Integrin β4 promotes DNA damage-related drug resistance in triple-negative breast cancer via TNFAIP2/IQGAP1/RAC1

  1. Huan Fang
  2. Wenlong Ren
  3. Qiuxia Cui
  4. Huichun Liang
  5. Chuanyu Yang
  6. Wenjing Liu
  7. Xinye Wang
  8. Xue Liu
  9. Yujie Shi  Is a corresponding author
  10. Jing Feng  Is a corresponding author
  11. Ceshi Chen  Is a corresponding author
  1. Kunming Institute of Zoology, Chinese Academy of Sciences, China
  2. Kunming College of Life Sciences, University of Chinese Academy of Sciences, China
  3. School of Life Science, University of Science & Technology of China, China
  4. Affiliated Hospital of Guangdong Medical University, China
  5. Department of Breast Surgical Oncology, National Cancer Center/National Clinical Research Center for Cancer/Cancer Hospital & Shenzhen Hospital, Chinese Academy of Medical Sciences and Peking Union Medical College, China
  6. Shanghai University of Medicine & Health Sciences Affiliated Sixth People’s Hospital South Campus, China
  7. Department of Pathology, Henan Provincial People's Hospital, Zhengzhou University, China
  8. The Second Affiliated Hospital of the Chinese University of Hong Kong (Shenzhen), China
  9. School of Laboratory Medicine and Biotechnology, Southern Medical University, Guangdong Province, China
  10. Academy of Biomedical Engineering, Kunming Medical University, China
  11. The Third Affiliated Hospital, Kunming Medical University, China
9 figures and 2 additional files

Figures

Figure 1 with 1 supplement
TNFAIP2 promotes triple-negative breast cancer (TNBC) DNA damage-related drug resistance.

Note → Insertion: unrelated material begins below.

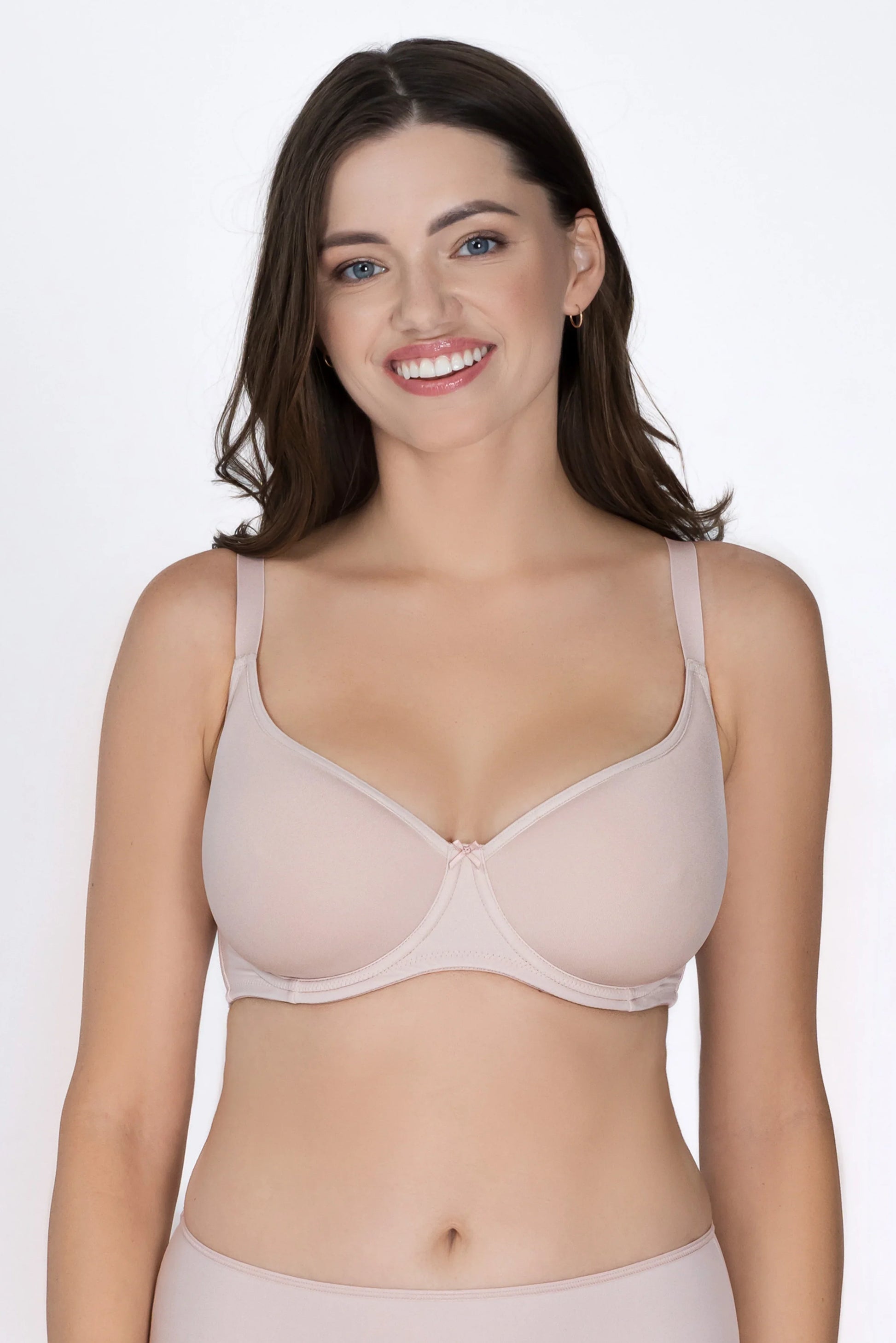 Super soft T-shirt bra with underwires. Moulded cups made from thin, breathable ‘Spacer’ fabric create a beautiful breast shape and are invisible even under light clothing. The bra has extra thin and flexible underwires that move with you, so there is no discomfort and it feels like a non-wired bra. Classic adjustable shoulder straps for a custom fit.
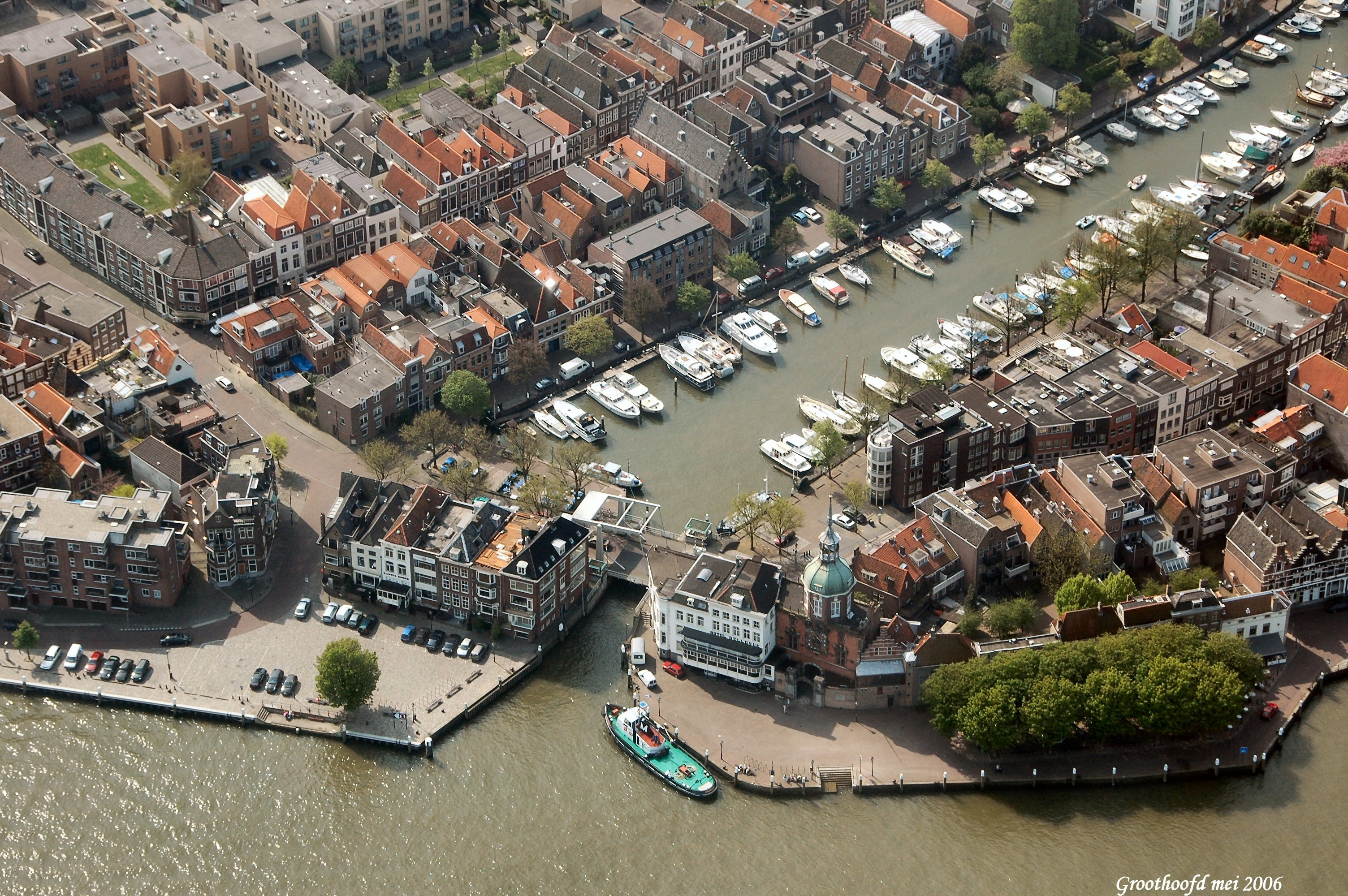 Links de Beneden Merwede en rechts de Oude Maas. met er achter links de Merwekade en het Groothoofd rechts, wijnhaven op de achtergrond.

(A–E) Stable TNFAIP2 overexpression in HCC1806 and HCC1937 cells significantly increased cell viability in the presence of EPI (0–1.6 μM) or BMN (0–40 μM) treatment for 48 hr, as measured by the SRB assay. Statistical analysis was performed using one-way analysis of variance (ANOVA), n = 3, *p < 0.05, **p < 0.01, ***p < 0.001. TNFAIP2 protein expression was detected by western blotting (WB). (F–J) Stable TNFAIP2 knockdown in HCC1806 and HCC1937 cells significantly decreased cell viability in the presence of EPI (0–1.6 μM) or BMN (0–40 μM) treatment for 48 hr, as measured by the SRB assay. Statistical analysis was performed using one-way ANOVA, n = 3, *p < 0.05, **p < 0.01, ***p < 0.001. TNFAIP2 protein expression was detected by WB. (K) TNFAIP2 promoted DNA damage repair in the presence of EPI and BMN. HCC1806 and HCC1937 cells stably overexpressing TNFAIP2 were treated with 400 or 800 nM EPI for 48 hr and 10 μM BMN for 24 hr, respectively. TNFAIP2, γH2AX, and PARP protein expression was detected by WB. (L) TNFAIP2 knockdown increased DNA damage in the presence of EPI and BMN. Stable TNFAIP2 knockdown cells were treated with 400 or 800 nM EPI for 24 or 48 hr and 2.5 μM BMN for 24 hr. TNFAIP2, γH2AX, and PARP protein expression was detected by WB.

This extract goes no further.